Been playing around with WPEngine’s FaustJS. It uses gqty to dynamically build GraphQL queries, which means you can just loop through the indeterminate number of children without worrying about how many levels you need to nest your queries.
Sounds interesting, I’d like to learn more, if you don’t mind. How do you like using gqty versus composing the queries manually? Do you like the experience, or is it too hand-off? Benefits/disadvantages you’ve encountered so far?
From my experience, there’s 2 types of devs in the WP Headless space: frontend devs looking to use WP as a cms, and WP devs looking to break free of the native php frontend shackles while still benefiting from the ecosystem.

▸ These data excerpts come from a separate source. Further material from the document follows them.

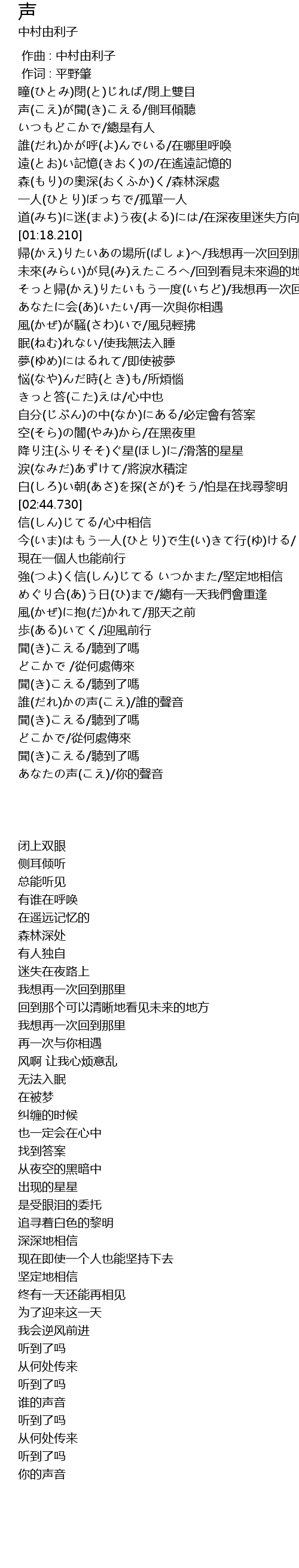 | [00:42.220] | 声(こえ)が聞(き)こえる/側耳傾聽 |
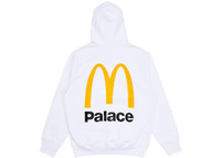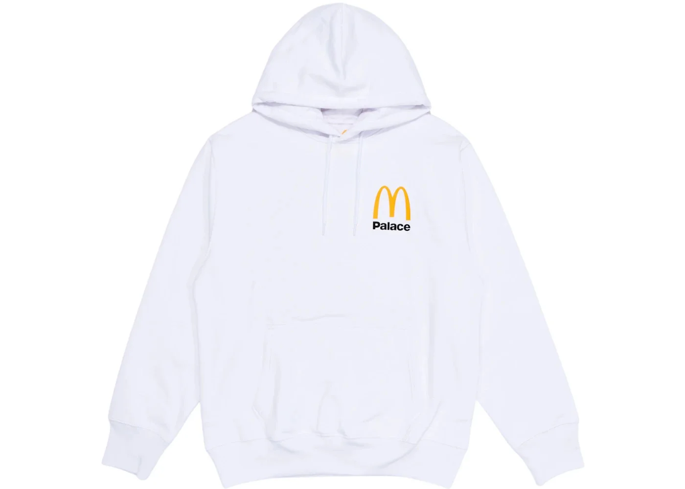 The Palace x McDonald's Logo Hood White is a white jersey-knit fleece pullover hoodie with a two-hand center front pocket. Hailing from London, England, Palace is a skateboarding and streetwear brand founded in 2009. Known for their collaborations, Palace worked with American fast-food brand McDonald’s on a collaborative collection of over fifteen styles. The initial release was only available for purchase after scanning a QR code included with the "As Featured in McDonald's" meal and was announced via a billboard in Times Square. The White Palace x McDonald's Logo Hood front displays a small McDonald’s golden arches logo above the Palace text branding, while the reverse repeats the double logo on a large scale. In our opinion, the best feature of the Palace McDonald’s Hood is the Palace logo, which uses the typical McDonald’s font, adding a twist to the imagery. The Palace x McDonald's Logo Hood White was released on August 14, 2023, and retailed at $148. - Season FW23 - Color White - Release Date 2023-08-14 - Retail Price 148 - Featured false - Uploaded By LL
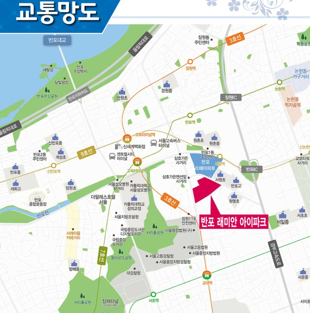 반포래미안아이파크은 서울 서초구 사평역, 교대역 근처에 위치하고 있습니다.
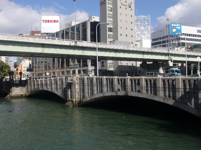 こんな所に珍しさを感じてしまうのも、あまり見慣れていないからなのかもしれないですが、大江橋の北側の高架道路の下部は水中に建っている感じで、なんだかヴェネツィアのような風情が感じられて素敵でした。水運の町としての大阪という側面を現代的に感じられる橋だと個人的には思います。

I’m in the latter camp, and gqty definitely helps me and my WP_Query() trained brain, where I can focus on what to do with the data instead of wasting time writing hundreds of lines of gql in order to retrieve it.
Only downside _for me_ is that the docs are pretty sparse, though the folks at gqty and WPEngine’s discords are very helpful. There are some advanced graphql cases that gqty doesn’t handle… Or so I’m told, haven’t run into any issues yet, but that’s prob because I anyway don’t know how to do those things in graphql. That said, there’s nothing stopping you from using regular graphql for a specific query (like how Gatsby users handle mutations).
Great, thanks for the info!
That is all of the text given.